47.BÖLÜM: ÖPÜCÜK

2K 90 14
                                    

Oy↙↙↙ ve yorum atmayı unutmayınnn. Sizleri seviyorum. İyi okumalar...

Hepimiz üzerimizi değiştirmiş içeride oturuyorduk. Saatlerce elifin sirke ve tuz yiyişine gülmüştüm. Şimdi elinde sürahi ve bardakla oturuyordu. Serhatta ona bakıp sırıtıyordu. Elife dönüp "eee sen bir şeyler yaptın serhat niye yapmadı?" diye sordum. Bunları söylerken serhat sus diye işaret yapsada söylemememi sağlayamamıştı. Elif birden yerinde doğrulup serhat kötü kötü bakmaya başladı.
Elif "sen de limon suyu içecektin hani?" diye sordu.

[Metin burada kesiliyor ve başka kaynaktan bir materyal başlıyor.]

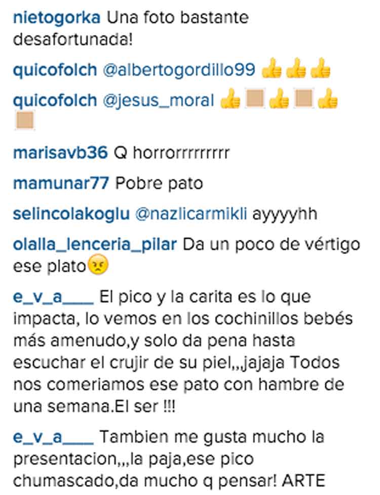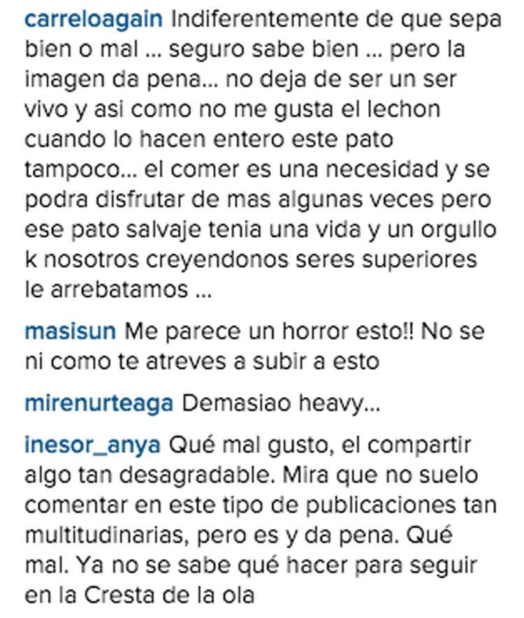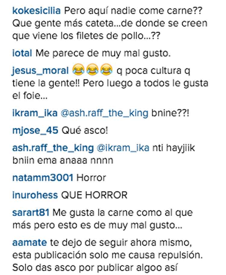 Comentarios como: “Horrible, unfollow”. ”¡¡Me parece un horror esto!! No sé ni cómo te atreves a subirlo”.”Estará bueno, pero da asquito”. “Qué mal gusto, el compartir algo tan desagradable”. “Eres un genio, pero no olvides que hay cosas que hieren la sensibilidad de las personas y esta es una de ellas”. “Y luego tu novia se queja del toro de la Vega”

Serhat "ne gerek var şimdi bir tanem?"
Elif "kalk!" dediği anda serhat ayağa kalktı ve birlikte mutfağa gittiler. Bu eğlenceyi kaçıramazdım. Hemen peşlerinden gidip onlara baktım. Elif Buzdolabından limon suyunu çıkardı ve serhat verdi.

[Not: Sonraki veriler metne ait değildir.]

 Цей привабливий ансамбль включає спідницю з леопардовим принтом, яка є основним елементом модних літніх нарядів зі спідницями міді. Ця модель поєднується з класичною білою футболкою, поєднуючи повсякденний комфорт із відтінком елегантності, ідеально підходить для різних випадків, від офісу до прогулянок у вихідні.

Serhat "kaşık vermeyecek misin?"
Elif "hayır. Direk Kadana dikiceksin. Aniden fazla iç de yüzünü bir göriyim."
Serhat "ya sen ne cani bir kız oldun? Ölmemi mi istiyorsun?" elif gülerek baş salladı ve telefonunu çıkarıp video çekmeye başladı.
Elif "iç!" dedi sert bir sesle. Serhat ikiletmedj ve yavaşça ağzına damlatmaya çalıştı. Elif şişenin arkasından hafifçe vurunca serhatın ağzı limon suyuyla doldu.

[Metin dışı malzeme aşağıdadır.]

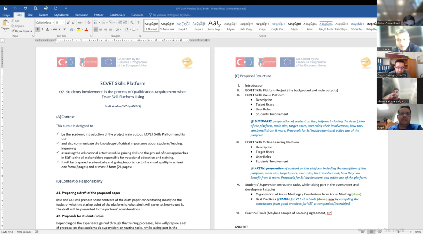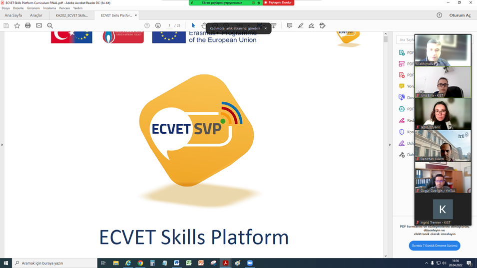 ECVET Beceri Platformu Projesi Dördüncü Ulus Ötesi Proje Yönetim Toplantısı tüm ortak kurumların katılımı ile 20 Nisan 2022 tarihinde Çevrim İçi olarak gerçekleştirildi. Toplantıda proje kapsamında geliştirilmiş olan ECVET Beceri Platformu’na ait öğrenci katılımları değerlendirildi, bunun yanısıra proje kapsamında ortaklar tarafından geliştirilen ve platformda yer alacak olan eğitim içerikleri üzerine fikir alışverişi yapıldı. Toplantıda ayrıca proje kapsamında üretilmiş olan Zengin İçerikli Öğretim Materyalleri incelenirken, Öğrenci Katılımı İçin Öneri Belgesi üzerinde gerekli planlamalar yapıldı.

Elif "yut onu!" dedi hemen. Serhat başını olumsuz anlamda salladı ve elifin yüzüne limon suyunu püskürttü. Tam o sırada bir kahkaha patlattım. İkisininde yüzü mükemmeldi. Serhat elife hemen bir peçete verdi ve
"Özür dilerim elif. Bilerek olmadı." dedi. Elif yüzünü sildi ve öldürecekmiş gibi serhata baktı. Serhat kaçması gerektiğini anlayıp mutfaktan dışarıya çıktı. Hemen montunu ona verdim. Burak arabanın anahtarını serhata fırlattı. Serhatın anahtarı yakalaması ve evden çıkması bir oldu. Ardından hepimiz kahkaha atıyorduk. Elifde sinirle üst kata çıktı ve bir kaç dakika sonra üzerini değiştirmiş bir şekilde indi.
Elif "gelmedi mi hâlâ?" diye sordu.
Selin "kızım çocuğa nasıl baktıysan artık bir kaç gün buraya geleceğini düşünmüyorum." dedi ve hepimiz kahkaha attık.

Saat neredeyse sekize geliyordu. Serhat iki saattir ortalıkta yoktu. Elifin siniri dinmiş bir şeyler tıkınıyordu. O sırada kapı çaldı ve elif hemen yerinden fırladı. Hepimiz ne yapacağını anlamamıştık. Ben kapıyı açmaya gittiğimde elif elinde bir kova buzlu suyla çıktı. Serhat gülerek bize bakarken elifin attığı suyla şoka uğramış ve yere yığılmıştı. Hepimiz bir kaç dakika olanları idrak etmeye çalışırken elif o kadar içten gülüyorduki hepimiz birden gülmeye başladık. Serhat dirseklerine dayanarak bize baktı ve "hakettim." dedi. Elif daha sonra serhat yerden kaldırdı ve yanağından öptü. Bunca şeye rağmen hâlâ birbirlerini sevdikleri çok belliydi. Srrhatta elifin saçından öptü ve üst kata çıktı.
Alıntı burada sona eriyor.